Also, some culture media such as blood agar and Sabouraud dextrose agar (SDA) require the addition of extra growth nutrients and inhibitory substances such as blood and antibiotics in the course of their preparation; and the correct amount of these substances must be added during the preparation of such culture media in order to get optimum result. For optimum result, culture media required for microbiological investigations should always be prepared or compound in such a way that it support the growth of the microorganisms being sought for, either from an environmental sample or from a nosocomial or hospital sample. Most culture media are prepared from their powdered agar base (containing all the necessary growth nutrients in their correct amount); and it is critical for microbiologist to stick to the manufacturer’s instructions when preparing them because the instruction varies from one culture media to another. Preparation of culture media in the microbiology laboratory is not too cumbersome; and knowledge of the basic techniques involved is important so that the growth media prepared will be competent enough to support the development of microbes (which have been removed from their natural environment, and must be provided with all necessary nutrients and environmental conditions for optimum growth).
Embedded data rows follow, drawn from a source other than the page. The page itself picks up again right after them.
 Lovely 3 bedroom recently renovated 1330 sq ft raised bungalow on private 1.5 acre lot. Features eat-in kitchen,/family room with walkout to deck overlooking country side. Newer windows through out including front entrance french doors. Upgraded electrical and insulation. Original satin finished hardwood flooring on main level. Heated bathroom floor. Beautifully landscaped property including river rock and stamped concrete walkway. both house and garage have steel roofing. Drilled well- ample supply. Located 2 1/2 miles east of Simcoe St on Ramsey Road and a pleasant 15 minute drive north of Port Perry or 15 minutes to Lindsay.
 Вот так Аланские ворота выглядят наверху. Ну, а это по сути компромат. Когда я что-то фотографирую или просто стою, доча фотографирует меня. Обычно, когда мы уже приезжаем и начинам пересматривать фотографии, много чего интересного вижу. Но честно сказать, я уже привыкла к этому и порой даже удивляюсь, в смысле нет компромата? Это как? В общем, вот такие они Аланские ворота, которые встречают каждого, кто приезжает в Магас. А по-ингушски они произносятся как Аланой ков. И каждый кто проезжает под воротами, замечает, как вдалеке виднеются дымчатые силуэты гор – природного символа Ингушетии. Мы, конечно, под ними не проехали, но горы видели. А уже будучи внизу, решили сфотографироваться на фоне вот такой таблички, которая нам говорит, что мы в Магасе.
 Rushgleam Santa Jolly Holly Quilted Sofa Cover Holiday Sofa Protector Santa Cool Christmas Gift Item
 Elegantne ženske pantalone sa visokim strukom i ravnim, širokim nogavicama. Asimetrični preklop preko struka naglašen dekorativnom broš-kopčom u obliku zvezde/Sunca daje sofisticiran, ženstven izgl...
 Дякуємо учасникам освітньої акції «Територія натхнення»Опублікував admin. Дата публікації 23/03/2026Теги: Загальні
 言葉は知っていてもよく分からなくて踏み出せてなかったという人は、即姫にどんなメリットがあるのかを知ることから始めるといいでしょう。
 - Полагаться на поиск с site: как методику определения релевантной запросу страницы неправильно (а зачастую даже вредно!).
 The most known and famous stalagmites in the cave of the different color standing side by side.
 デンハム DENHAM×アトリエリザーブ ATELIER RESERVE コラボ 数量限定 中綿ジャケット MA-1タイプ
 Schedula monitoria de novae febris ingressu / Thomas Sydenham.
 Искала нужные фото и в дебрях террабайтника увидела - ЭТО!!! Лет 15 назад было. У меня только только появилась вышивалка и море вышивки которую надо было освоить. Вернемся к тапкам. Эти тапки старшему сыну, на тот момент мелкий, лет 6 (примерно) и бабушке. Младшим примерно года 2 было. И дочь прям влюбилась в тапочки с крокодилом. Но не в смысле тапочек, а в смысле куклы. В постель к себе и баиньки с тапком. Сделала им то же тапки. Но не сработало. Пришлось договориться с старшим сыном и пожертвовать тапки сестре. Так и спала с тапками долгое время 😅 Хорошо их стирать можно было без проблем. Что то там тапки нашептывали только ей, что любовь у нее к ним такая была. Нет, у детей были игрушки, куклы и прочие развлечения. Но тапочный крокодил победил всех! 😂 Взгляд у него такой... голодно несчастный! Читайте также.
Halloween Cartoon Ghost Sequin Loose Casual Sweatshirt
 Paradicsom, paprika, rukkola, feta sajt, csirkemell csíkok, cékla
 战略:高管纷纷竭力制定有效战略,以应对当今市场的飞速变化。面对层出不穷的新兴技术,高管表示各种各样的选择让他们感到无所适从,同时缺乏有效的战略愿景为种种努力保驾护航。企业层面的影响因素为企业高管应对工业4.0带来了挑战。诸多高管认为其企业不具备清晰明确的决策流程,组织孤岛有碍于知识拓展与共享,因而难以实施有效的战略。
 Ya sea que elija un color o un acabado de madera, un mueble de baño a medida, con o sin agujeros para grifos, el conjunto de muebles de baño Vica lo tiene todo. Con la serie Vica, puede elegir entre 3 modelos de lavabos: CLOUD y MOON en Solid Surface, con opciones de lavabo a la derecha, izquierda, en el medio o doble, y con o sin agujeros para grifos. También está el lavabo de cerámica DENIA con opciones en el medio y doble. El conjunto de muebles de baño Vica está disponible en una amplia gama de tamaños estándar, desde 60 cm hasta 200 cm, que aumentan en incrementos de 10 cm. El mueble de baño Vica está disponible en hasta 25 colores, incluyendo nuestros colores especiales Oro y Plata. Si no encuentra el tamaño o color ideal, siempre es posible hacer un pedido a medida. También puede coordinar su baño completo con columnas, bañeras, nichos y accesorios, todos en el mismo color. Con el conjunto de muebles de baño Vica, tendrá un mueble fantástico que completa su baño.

The steps involved in the preparation of culture or growth media shall be succinctly explained in this section. Note: The procedure for the preparation of culture media (especially for bacteriological and mycological studies) in the microbiology laboratory is often the same. Though there may be some variations in the different media available for microbiological investigations, it is recommended that students and users of culture media always follow the manufacturer’s instruction of each growth media (usually written on the body of the media container) in order to be properly guided in the preparation. The factors to be considered and taken into consideration in the preparation of culture media are as follows:  

  1. Weighing: Powdered agar should be properly weighed (in grams) using the weighing balance.
  2. Dissolving & heating: Weighed powdered agar should be dissolved in the correct volume of distilled water and then heated for some minutes prior to sterilization. 
  3. pH testing: The pH of the culture media should be adjusted after sterilization when the need arises using the pH meter. The final pH of most microbiological culture media is usually between 7.2 – 7.4 ± 0.2.
  4. Sterilization: Culture media solution is sterilized in the autoclave at 121oC for 15 mins.
  5. Dispensing or plate pouring: Sterilized culture media solution should be poured into clean Petri dishes where they will gel, and be used for further studies. Broth or liquid culture media do not gel. 
  6. Sterility testing: The sterility of poured culture media plates should be determined by leaving the poured plates in the incubator overnight or for 18-24 hrs after gelling. Presence of microbial growth shows that the poured plates are not sterile for microbiological studies.  
  7. Storage: Poured culture media plates should be stored in the refrigerator until use.  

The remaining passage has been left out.